= Moral outsourcing =

Ethical decision-making process

Moral outsourcing is the placing of responsibility for ethical decision-making onto external entities, often algorithms. The term is often used in discussions of computer science and algorithmic fairness, but it can apply to any situation in which one appeals to outside agents in order to absolve themselves of responsibility for their actions. In this context, moral outsourcing specifically refers to the tendency of society to blame technology, rather than its creators or users, for any harm it may cause.

== Definition ==
The term "moral outsourcing" was first coined by Dr. Rumman Chowdhury, a data scientist concerned with the overlap between artificial intelligence and social issues. Chowdhury used the term to describe looming fears of a so-called “Fourth Industrial Revolution” following the rise of artificial intelligence.

Moral outsourcing is often applied by technologists to shrink away from their part in building offensive products. In her TED Talk, Chowdhury gives the example of a creator excusing their work by saying they were simply doing their job. This is a case of moral outsourcing and not taking ownership for the consequences of creation.

When it comes to AI, moral outsourcing allows for creators to decide when the machine is human and when it is a computer - shifting the blame and responsibility of moral plights off of the technologists and onto the technology.
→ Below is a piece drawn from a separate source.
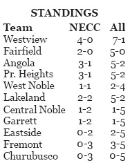 Westview raised its NECC boys basketball record to 4-0 last Friday night in Emma with a 69-53 thrashing of Angola. After a slow start which saw the Warriors emerge from the first period holding a 9-6 lead, the hosts exploded for 32 points in the second frame to push their advantage to 17 (41-24) by halftime. Kaden Grau netted 12 […]

Conversations around AI and bias and its impacts require accountability to bring change. It is difficult to address these biased systems if their creators use moral outsourcing to avoid taking any responsibility for the issue.

One example of moral outsourcing is the anger that is directed at machines for “taking jobs away from humans” rather than companies for employing that technology and jeopardizing jobs in the first place.
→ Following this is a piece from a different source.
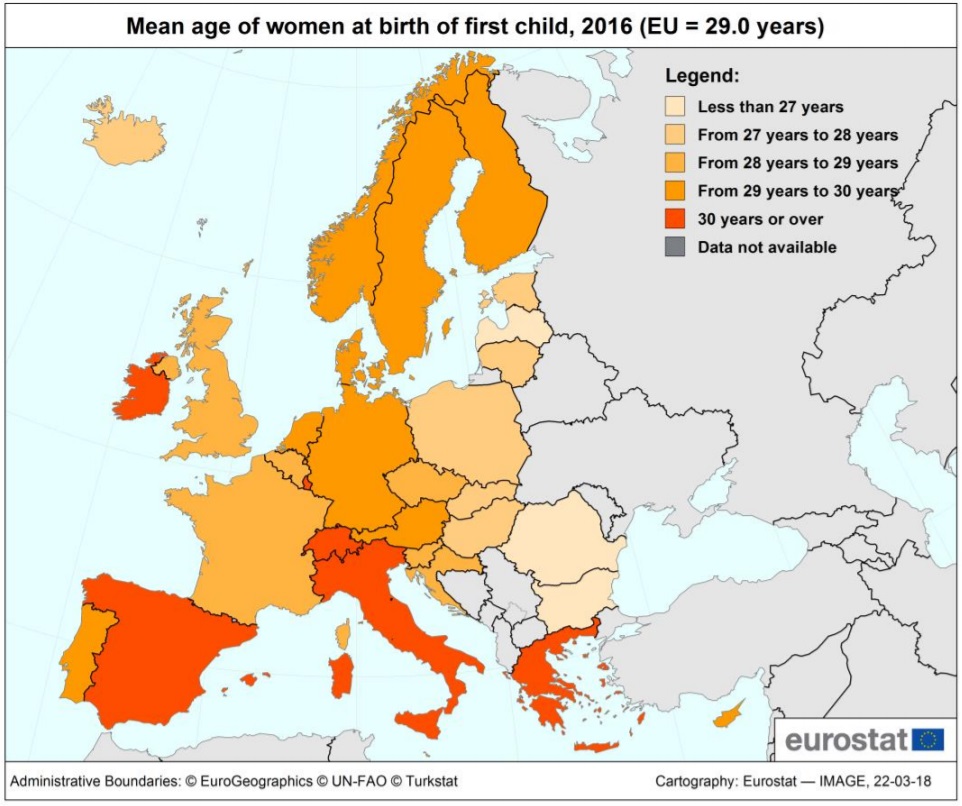 - On average in the EU, women who gave birth to their first child in 2016 were 29 years old. Across Member States, first time mothers were on average the youngest in Bulgaria and the oldest in Italy.

The term "moral outsourcing" refers to the concept of outsourcing, or enlisting an external operation to complete specific work for another organization. In the case of moral outsourcing, the work of resolving moral dilemmas or making choices according to an ethical code is supposed to be conducted by another entity.
== Real-world applications ==
In the medical field, AI is increasingly involved in decision-making processes about which patients to treat, and how to treat them. The responsibility of the doctor to make informed decisions about what is best for their patients is outsourced to an algorithm. Sympathy is also noted to be an important part of medical practice; an aspect that artificial intelligence, glaringly, is missing. This form of moral outsourcing is a major concern in the medical community.
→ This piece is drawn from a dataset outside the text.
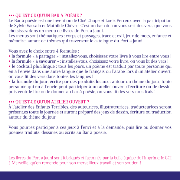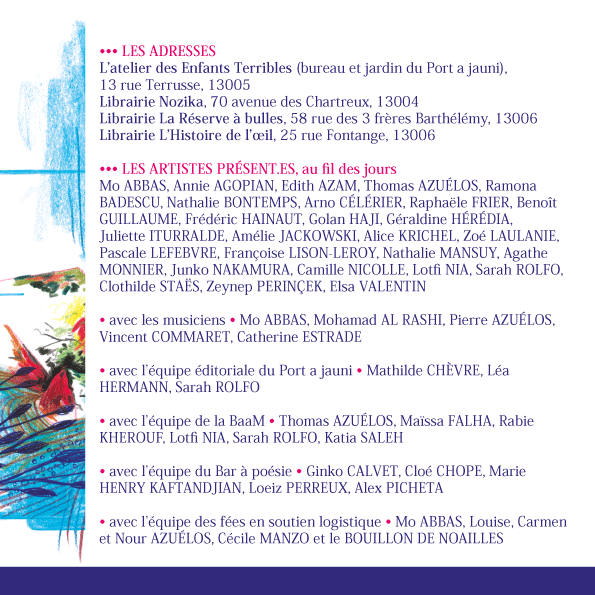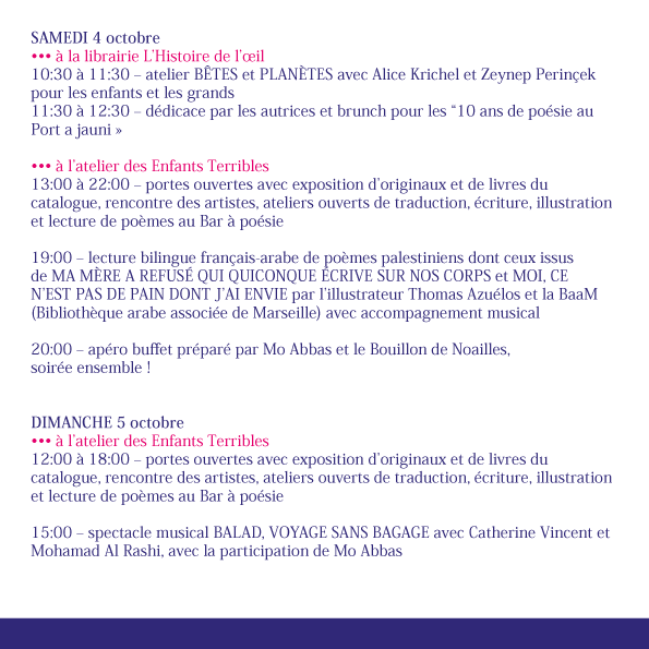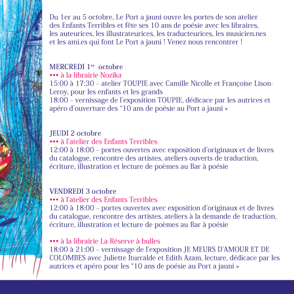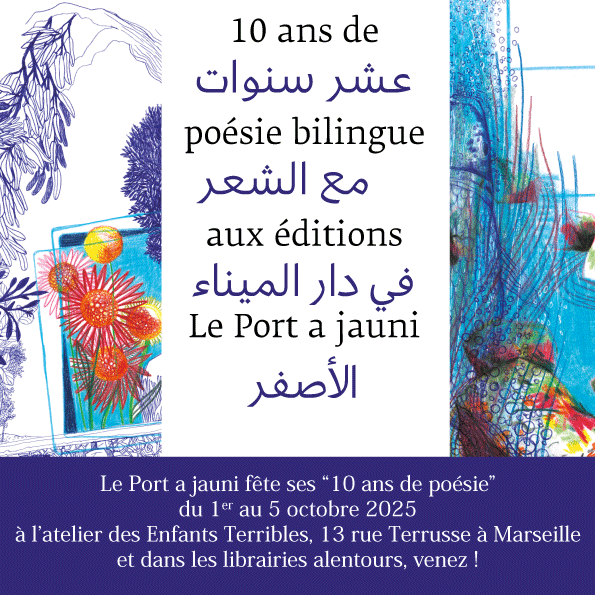 Le Port a jauni fête ses “10 ans de poésie” du 1er au 5 octobre 2025 à l’atelier des Enfants Terribles, 13 rue Terrusse à Marseille et dans les librairies alentours, venez !

Another field of technology in which moral outsourcing is frequently brought up is autonomous vehicles. California Polytechnic State University professor Keith Abney proposed an example scenario: "Suppose we have some [troublemaking] teenagers, and they see an autonomous vehicle, they drive right at it. They know the autonomous vehicle will swerve off the road and go off a cliff, but should it?" The decision of whether to sacrifice the autonomous vehicle (and any passengers inside) or the vehicle coming at it will be written into the algorithms defining the car's behavior. In the case of moral outsourcing, the responsibility of any damage caused by an accident may be attributed to the autonomous vehicle itself, rather than the creators who wrote the protocol the vehicle will use to "decide" what to do.

Moral outsourcing is also used to delegate the consequences of predictive policing algorithms to technology, rather than the creators or the police. There are many ethical concerns with predictive policing due to the fact that it results in the over-policing of low income and minority communities. In the context of moral outsourcing, the positive feedback loop of sending disproportionate police forces into minority communities is attributed to the algorithm and the data being fed into this system--rather than the users and creators of the predictive policing technology.

== Outside of technology ==
=== Religion ===
Moral outsourcing is also commonly seen in appeals to religion to justify discrimination or harm. In his book What It Means to be Moral, sociologist Phil Zuckerman contradicts the popular religious notion that morality comes from God. Religion is oftentimes cited as a foundation for a moral stance without any tangible relation between the religious beliefs and personal stance. In these cases, religious individuals will "outsource" their personal beliefs and opinions by claiming that they are a result of their religious identification. This is seen where religion is cited as a factor for political beliefs, medical beliefs, and in extreme cases an excuse for violence.

=== Manufacturing ===
Moral outsourcing can also be seen in the business world in terms of manufacturing goods and avoiding environmental responsibility. Some companies in the United States will move their production process to foreign countries with more relaxed environmental policies to avoid the pollution laws that exist in the US. A study by the Harvard Business Review found that "in countries with tight environmental regulation, companies have 29% lower domestic emissions on average. On the other hand, such a tightening in regulation results in 43% higher emissions abroad." The consequences of higher pollution rates are then attributed to the loose regulations in these countries, rather than on the companies themselves who purposefully moved into these areas to avoid strict pollution policy.